Began watching tennis back in the 80's, I remember. Around the same time that we began to have colour telly broadcasts... we had, then, a Solidaire CAT 1000 SE. (The image below is NOT me or mine, got this from the net - but that could well have been me and my brother, perhaps! Proudly posing before the newest family member!)


And Doordarshan. And, what, 4 hours of programmes? Which included news in English (from New Delhi), news in Tamil (in lieu of news in Hindi) from Madras, and then of course programmes such as Chitrahaar, Krishi Darshan (or "Amci Maati, Amchi Manoos", or down in Madras "Vayalum Vaazhvum"), adult literacy classes (I remember, even today, quite vividly Professor Paa Nannan teaching the viewers how to write "a", "aaa" !)

And OF COURSE within those 4 hours we had, too, those rather wonderful moments of sublime nothing.. remember this?
 
 SORRY FOR THE BREAK

And we'd spend our time, patiently gazing at this fascinating screensaver which, often, would wave and weave gently, our patience back then boundless, time running out like the sand through an hour-glass... we could spend a minute, sometimes even 2 or 3, waiting for the screen to come back to life.

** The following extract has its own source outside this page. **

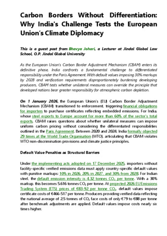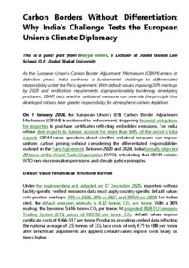 As the European Union's Carbon Border Adjustment Mechanism (CBAM) enters its definitive phase, India confronts a fundamental challenge to differentiated responsibility under the Paris Agreement. With default values imposing 30% markups by 2028 and verification requirements disproportionately burdening developing producers, CBAM tests whether unilateral measures can override the principle that developed nations bear greater responsibility for atmospheric carbon depletion.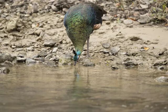 在河边饮水的绿孔雀。图片:庄小松 / 野性中国

And today, even as the Djokovic - Seppi match, fascinating contest stretching to the 5th set, continues to be a game of top quality tennis I have been hitting all the channels right from BBC, NatGeo, Star Movies, Comedy Central, News the whole damn works. Not because the tennis is boring. It's like that chappie who climbed the Everest, when they asked him "Why?" - "Because it's there!"

So, where once we sat, unmoving, eyes riveted on that "Rukhavat Ke Liye Khed Hai" or "Sorry For The Break" screen, today I am (and I'm sure YOU do this too) unable to watch any ONE channel or programme without reaching for that remote and hitting the channel surf button...

It IS "Attention Deficit Disorder" - got nothing to do with age, though. In fact, I guess the younger one is the more acute this problem has got. I call it "Choice Activated Attention Deficit Disorder" - C.A.A.D.D.